Many curios genealogists try to download the data and become frustrated to discover that they wasted their time. Please note that the FamiLinx data is very large (16Gbyte) and cannot be processed using standard Word or Excel. You need to know how to program to benefit from the data. Also, the data is de-identified. There are no names or surnames. If you look for a specific family or records, you will not be able to find them in the data. Also, the terms of use disallow to re-identify individuals.
If you simply interested in your own genealogy, you will much better benefit from going directly to Geni.com or MyHeritage.com and start your tree there.
This page contains a dataset which was compiled with permission from public genealogical profiles uploaded to Geni.com, a MyHeritage company.

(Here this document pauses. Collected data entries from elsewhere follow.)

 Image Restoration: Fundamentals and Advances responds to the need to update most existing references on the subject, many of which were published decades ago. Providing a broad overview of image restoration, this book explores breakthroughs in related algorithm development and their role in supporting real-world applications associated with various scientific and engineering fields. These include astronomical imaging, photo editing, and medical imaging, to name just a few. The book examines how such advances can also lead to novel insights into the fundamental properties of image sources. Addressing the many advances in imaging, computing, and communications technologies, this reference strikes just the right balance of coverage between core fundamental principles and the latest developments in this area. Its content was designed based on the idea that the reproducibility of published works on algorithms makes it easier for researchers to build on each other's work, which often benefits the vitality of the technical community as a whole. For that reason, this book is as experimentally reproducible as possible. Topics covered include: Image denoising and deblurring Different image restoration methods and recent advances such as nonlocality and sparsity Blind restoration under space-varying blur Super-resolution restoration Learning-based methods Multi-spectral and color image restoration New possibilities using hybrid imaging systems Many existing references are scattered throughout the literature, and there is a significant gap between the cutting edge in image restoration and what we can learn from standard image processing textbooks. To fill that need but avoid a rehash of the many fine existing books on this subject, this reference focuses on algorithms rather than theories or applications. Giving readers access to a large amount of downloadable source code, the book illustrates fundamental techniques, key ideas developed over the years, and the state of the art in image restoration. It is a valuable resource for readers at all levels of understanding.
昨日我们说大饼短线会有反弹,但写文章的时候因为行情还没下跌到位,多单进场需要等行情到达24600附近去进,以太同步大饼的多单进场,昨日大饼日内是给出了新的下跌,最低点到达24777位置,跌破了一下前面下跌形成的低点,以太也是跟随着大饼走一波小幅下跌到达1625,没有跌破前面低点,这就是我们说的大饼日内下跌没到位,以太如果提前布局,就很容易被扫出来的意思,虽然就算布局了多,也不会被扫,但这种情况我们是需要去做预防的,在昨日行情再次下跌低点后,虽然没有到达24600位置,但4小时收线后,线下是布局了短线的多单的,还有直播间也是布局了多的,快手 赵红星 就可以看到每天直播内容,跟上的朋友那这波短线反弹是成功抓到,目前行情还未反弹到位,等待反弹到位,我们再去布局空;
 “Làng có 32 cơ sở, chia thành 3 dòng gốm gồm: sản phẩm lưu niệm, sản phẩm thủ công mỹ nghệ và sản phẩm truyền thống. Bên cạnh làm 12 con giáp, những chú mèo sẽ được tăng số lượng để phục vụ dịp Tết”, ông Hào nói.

Thanks to the commitment of MyHeritage to support scientific research, we were able to release redacted data that contains the basic family tree structures and demographic information. The data does not contain names or other explicit identifiers of Geni.com users.

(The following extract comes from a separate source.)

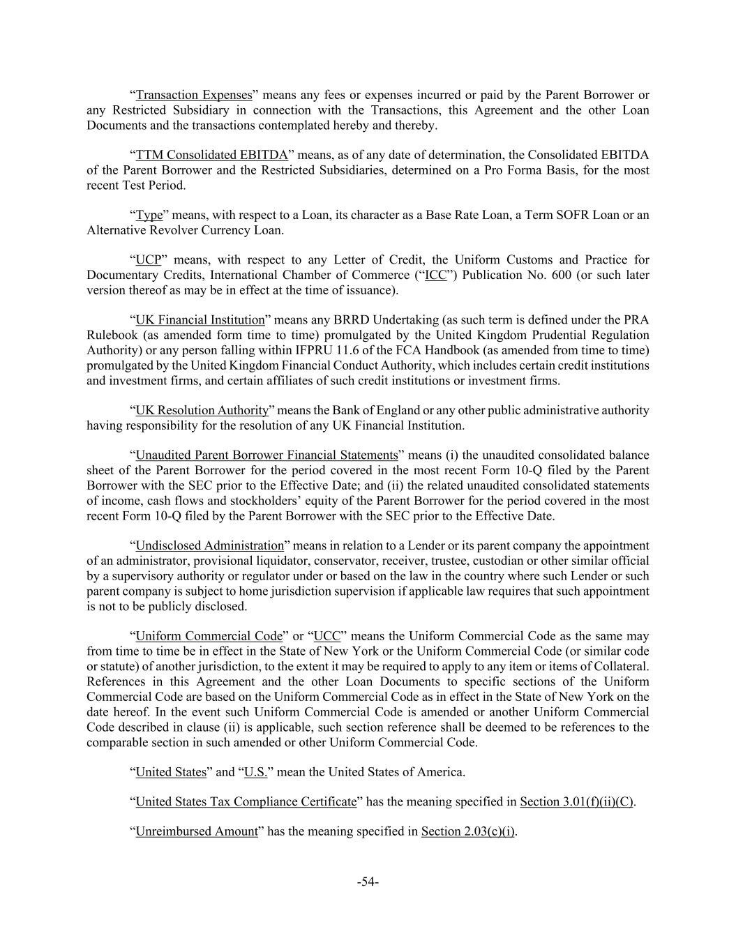 -54- “Transaction Expenses” means any fees or expenses incurred or paid by the Parent Borrower or any Restricted Subsidiary in connection with the Transactions, this Agreement and the other Loan Documents and the transactions contemplated hereby and thereby. “TTM Consolidated EBITDA” means, as of any date of determination, the Consolidated EBITDA of the Parent Borrower and the Restricted Subsidiaries, determined on a Pro Forma Basis, for the most recent Test Period. “Type” means, with respect to a Loan, its character as a Base Rate Loan, a Term SOFR Loan or an Alternative Revolver Currency Loan. “UCP” means, with respect to any Letter of Credit, the Uniform Customs and Practice for Documentary Credits, International Chamber of Commerce (“ICC”) Publication No. 600 (or such later version thereof as may be in effect at the time of issuance). “UK Financial Institution” means any BRRD Undertaking (as such term is defined under the PRA Rulebook (as amended form time to time) promulgated by the United Kingdom Prudential Regulation Authority) or any person falling within IFPRU 11.6 of the FCA Handbook (as amended from time to time) promulgated by the United Kingdom Financial Conduct Authority, which includes certain credit institutions and investment firms, and certain affiliates of such credit institutions or investment firms. “UK Resolution Authority” means the Bank of England or any other public administrative authority having responsibility for the resolution of any UK Financial Institution. “Unaudited Parent Borrower Financial Statements” means (i) the unaudited consolidated balance sheet of the Parent Borrower for the period covered in the most recent Form 10-Q filed by the Parent Borrower with the SEC prior to the Effective Date; and (ii) the related unaudited consolidated statements of income, cash flows and stockholders’ equity of the Parent Borrower for the period covered in the most recent Form 10-Q filed by the Parent Borrower with the SEC prior to the Effective Date. “Undisclosed Administration” means in relation to a Lender or its parent company the appointment of an administrator, provisional liquidator, conservator, receiver, trustee, custodian or other similar official by a supervisory authority or regulator under or based on the law in the country where such Lender or such parent company is subject to home jurisdiction supervision if applicable law requires that such appointment is not to be publicly disclosed. “Uniform Commercial Code” or “UCC” means the Uniform Commercial Code as the same may from time to time be in effect in the State of New York or the Uniform Commercial Code (or similar code or statute) of another jurisdiction, to the extent it may be required to apply to any item or items of Collateral. References in this Agreement and the other Loan Documents to specific sections of the Uniform Commercial Code are based on the Uniform Commercial Code as in effect in the State of New York on the date hereof. In the event such Uniform Commercial Code is amended or another Uniform Commercial Code described in clause (ii) is applicable, such section reference shall be deemed to be references to the comparable section in such amended or other Uniform Commercial Code. “United States” and “U.S.” mean the United States of America. “United States Tax Compliance Certificate” has the meaning specified in Section 3.01(f)(ii)(C). “Unreimbursed Amount” has the meaning specified in Section 2.03(c)(i).

See the Data page for citation information.
To download the data, you must agree to and accept the Terms of Use below.
We collect your contact information only to document the distribution of the data. We will not use this information to contact you for updates or offers or give it to any third party.
Please enter a VALID email address: an email with download instructions will be sent to the provided address.
.
Once your access is approved, you'll receive an email with link to the dataset archive.
Download this file and extract it on your computer.
Warning: the datasets require large amount of storage (2GB compressed, ~16GB uncompressed).
The archives are compressed using the XZ format.
The required programs are commonly available on Unix computers (e.g. Mac OS and Linux).
To extract the archives on Windows, download the 7-zip program.
# Download the archive (based on URL given in approval email)
# Be sure to use single-quote characters around the URL
$ wget -O familinx.tar.xz 'https://server.com/familinx.tar.xz?AWSKey=XXXXX'
# If the 'wget' program is not available, use 'curl' instead:
$ curl 'https://server.com/familinx.tar.xz?AWSKey=XXXXX' > familinx.tar.xz
# Optional: verify data integrity.
# You should see the exact same value as printed below:
$ sha256sum familinx.tar.xz
a336cd271168ed5dc90efc84d25a12256e767f591a63634d174edfccdc4f1c6a
# Extract the data files
$ tar -xf familinx.tar.xz
# The files are in a 'familinx' subdirectory
$ cd familinx
$ ls -lh
-rw-r--r-- 1 user users 15G Feb 8 18:10 profiles-anon.txt
-rw-r--r-- 1 user users 2.1K Feb 7 16:03 profiles-field-list.txt
-rw-r--r-- 1 user users 1004 Feb 8 18:23 README
-rw-r--r-- 1 user users 877M Feb 8 12:14 relations-anon.txt
-rw-r--r-- 1 user users 259 Feb 8 18:37 sha256sum-anon.txt
# The 'relations-anon.txt' file contains parent/child relations
$ head relations-anon.txt
parent child
1002 2044
1002 2045
1004 2045
1006 2046
...
# The 'profiles-anon.txt' file contains information about each profile
# See here for the complete field list
$ cut -f1,2,3,15,16,17,20,21,22 profiles-anon.txt | head
id gender is_alive birth_year birth_city birth_state birth_country
1002 male 0 1917 Cleveland Ohio United States
1005 * 0 1908 * * *
1009 male 0 1942 Philadelphia PA US
1010 female 0 1904 Guxhagen Hesse DE
1011 male 0 1942 * * IN
...